**Activity**
Wherever an image appears in the data, omit it and copy all the remaining text word for word.

**Available data**

┄┄┄┄┄┄

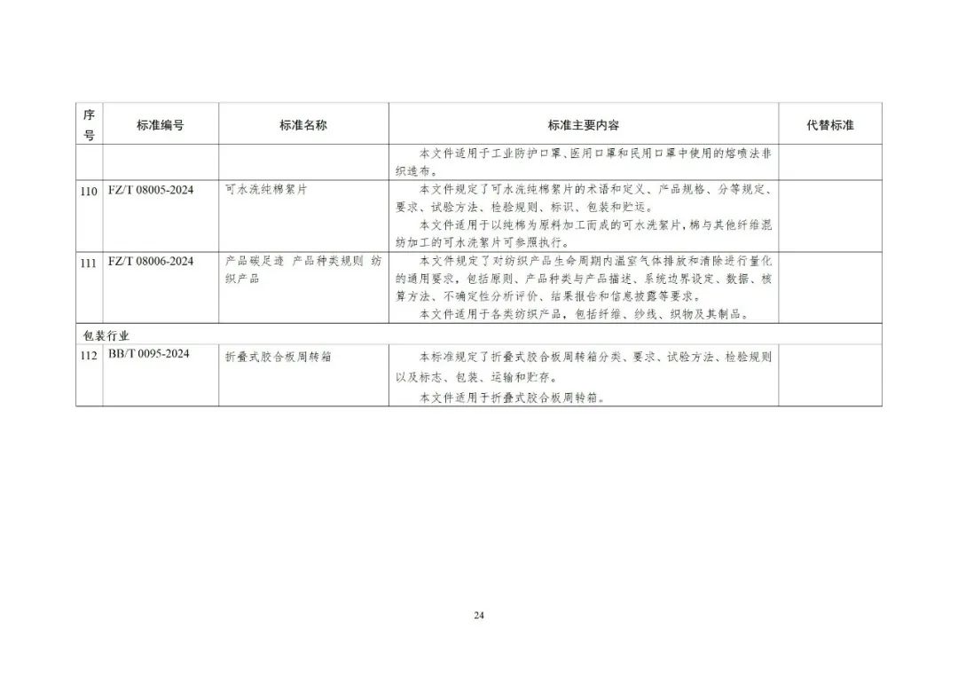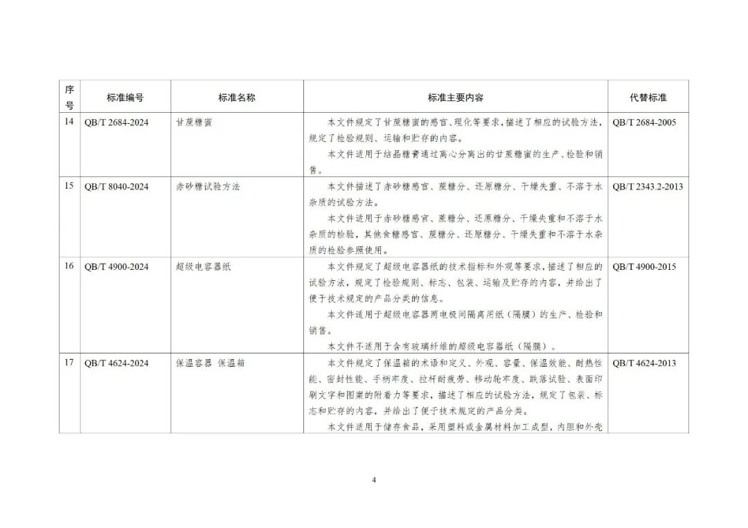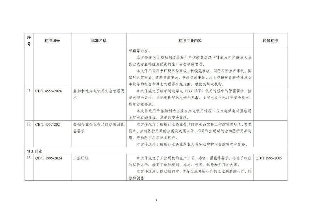 根据行业标准制修订计划,相关标准化技术组织已完成《船舶建造企业生产经营场所安全风险分级标示》等12项船舶行业标准、《工业明胶》等35项轻工行业标准、《纺织品 金属镀膜纤维鉴别方法》等64项纺织行业标准、《折叠式胶合板周转箱》1项包装行业标准的制修订工作及《造纸机械用铸铁烘缸》等4项行业标准外文版的编制工作。在以上标准及标准外文版发布之前,为进一步听取社会各界意见,现予以公示,截止日期2024年4月13日。
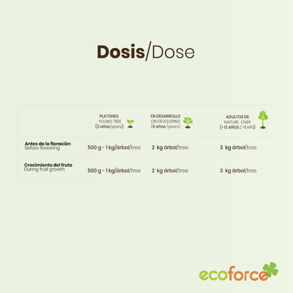 - Pre-Floración: 1 kg-2 kg/árbol.
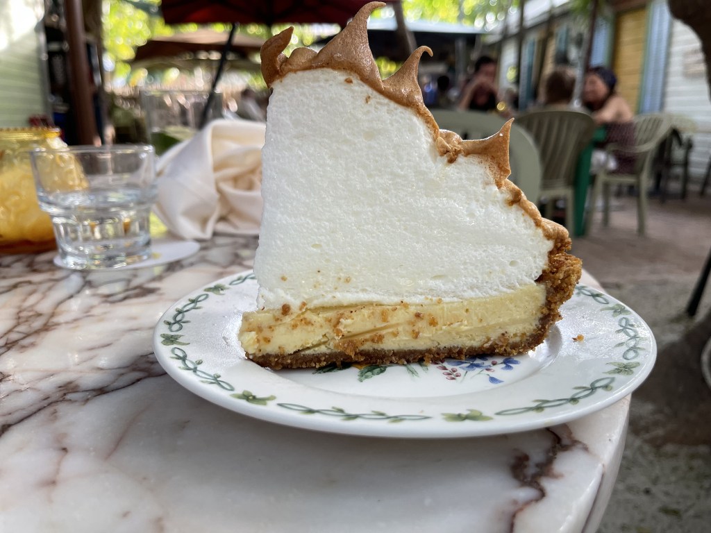 We were both full after our meals, however several years ago we saw the episode of the show with Andrew Zimmern when he visited Key West and went to Blue Heaven. I remembered him ordering a piece of key lime pie and watched behind the scenes of the baker making it – with that huge pile of meringue on top. When our server asked us if we would like anything else, I said yes a piece of key lime pie please.

┄┄┄┄┄┄

**Reply to the task**
 根据行业标准制修订计划,相关标准化技术组织已完成《船舶建造企业生产经营场所安全风险分级标示》等12项船舶行业标准、《工业明胶》等35项轻工行业标准、《纺织品 金属镀膜纤维鉴别方法》等64项纺织行业标准、《折叠式胶合板周转箱》1项包装行业标准的制修订工作及《造纸机械用铸铁烘缸》等4项行业标准外文版的编制工作。在以上标准及标准外文版发布之前,为进一步听取社会各界意见,现予以公示,截止日期2024年4月13日。
 - Pre-Floración: 1 kg-2 kg/árbol.
 We were both full after our meals, however several years ago we saw the episode of the show with Andrew Zimmern when he visited Key West and went to Blue Heaven. I remembered him ordering a piece of key lime pie and watched behind the scenes of the baker making it – with that huge pile of meringue on top. When our server asked us if we would like anything else, I said yes a piece of key lime pie please.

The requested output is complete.